Okebukola said this while delivering the 4th and 5th convocation lecture of the Elizade University, llara- Mokin, in Ondo State.
He spoke on, ‘Does Nigeria’s Development Cap fit the Nigeria University System?.
According to him, “Universities should not be allowed to operate satellite campuses”.
Okebukola said if he had the ways he would close down all satellite campuses as he did 20 years ago when he held sway at the NUC.
According to him, “The severe financial handicap inflicted especially on state-owned universities made them literally sell their certificates through running poorly delivered courses in poorly-resourced campuses far from the main campus.
“The institutions ended up admitting all manner of persons into the satellite campuses to make up for the shortfall in revenue thereby bringing the quality of education down.
“Those are places we are the demeaning quality of our university education. Graduates from satellite campuses are less than half baked.”
On funding, Okebukola said universities would respond in greater measure to the needs of the society if adequately funded.
He explained that the university system could only contribute based on the available resources within its capacity.
Nigerian universities, according to him, were faced with challenges, militating against their contribution to better the country.
He highlighted the universities challenges to include lack of adequate funding, research capacity deficit, poor curriculum delivery, and policy incoherence and implementation inconsistency.
Okebukola said the country must rethink its investment model in university education as well as provide sustainable funding for the universities.
“I say the Nigeria university system fit the development cap to the extent that it is delivering value for the quantum of money invested in it. The cap has some sectoral fit, especially in human capacity development.

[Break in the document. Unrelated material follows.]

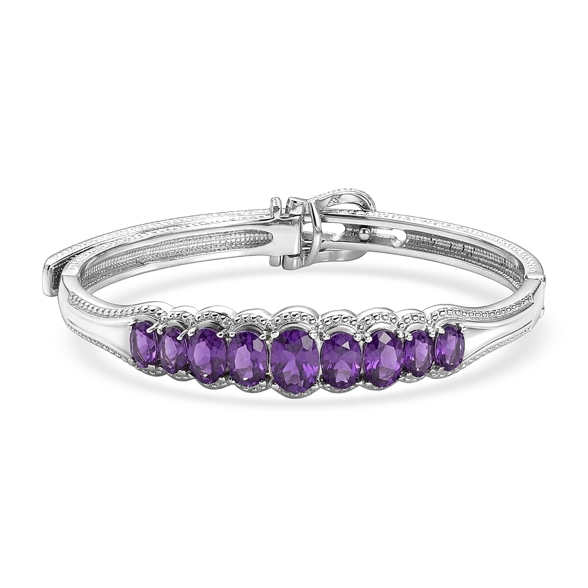 EverTrue African Amethyst 5.85 ctw Bangle Bracelet in Stainless Steel (7.25 In)

“The Nigeria university system also does not fit the development cap because its huge potential to better respond to the development agenda of the country is weakly explored owing to paltry investment.”
Okebukola, however, commended the management of Elizade University for setting a global standard among other tertiary institutions.
He specifically congratulated Elizade University on the NUC accreditation of all 24 programmes in Administration, Agriculture, Arts, Engineering, Law, Sciences and Social Sciences.
In a remark, the Vice Chancellor, Elizade University, Prof. Olukayode Amund, described the non-establishment of vocational schools as a major flaw to the implementation of the 6:3:3:4 system of education.